== Information shown ==

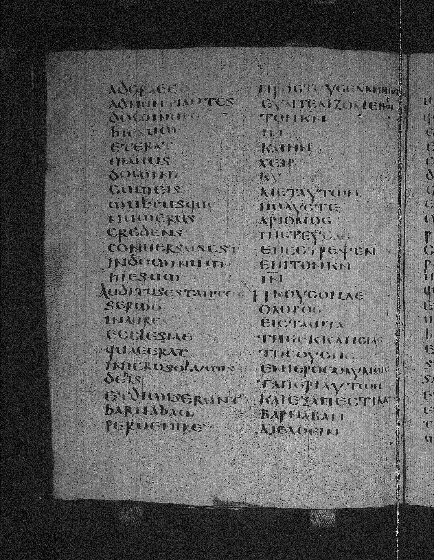 Codex Laudianus is a sixth century manuscript of the Apostolos on parchment; Greek-Latin diglot; 227 leaves, 2 columns, 24+ lines per column. For more recent images, please visit the Bodleian Library
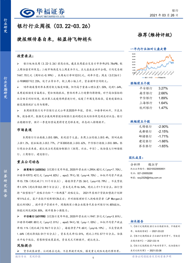 【华福证券】【20210326】银行行业周报:捷报频传春自来,轻盈待飞柳梢头-13页
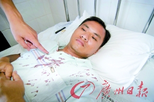 昨日,記者在化州人民醫(yī)院外二科見到了正在這里療傷的受傷教師。其中一名黃老師告訴記者,當時他與李老師等人負責在校門口值守,突然聽到李老師“你們想干什么?”的喊聲后,發(fā)現(xiàn)歹徒正揮棍朝李老師猛打,他即沖上去試圖阻止,結果頭部被打了一棍而昏倒地上。
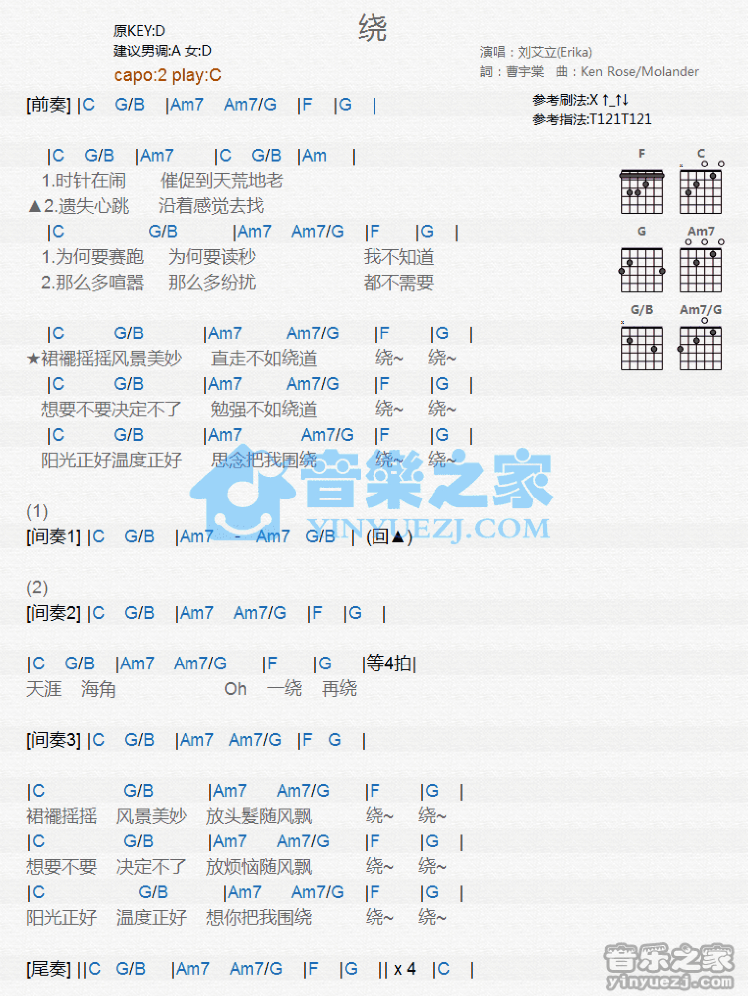 曲谱介绍: C调版刘艾立《绕》吉他和弦弹唱谱

===

Task brief
A faithful transcription of the material, with no pictures, is the expected result.

Answer space
 Codex Laudianus is a sixth century manuscript of the Apostolos on parchment; Greek-Latin diglot; 227 leaves, 2 columns, 24+ lines per column. For more recent images, please visit the Bodleian Library
 【华福证券】【20210326】银行行业周报:捷报频传春自来,轻盈待飞柳梢头-13页
 昨日,記者在化州人民醫(yī)院外二科見到了正在這里療傷的受傷教師。其中一名黃老師告訴記者,當時他與李老師等人負責在校門口值守,突然聽到李老師“你們想干什么?”的喊聲后,發(fā)現(xiàn)歹徒正揮棍朝李老師猛打,他即沖上去試圖阻止,結果頭部被打了一棍而昏倒地上。
 曲谱介绍: C调版刘艾立《绕》吉他和弦弹唱谱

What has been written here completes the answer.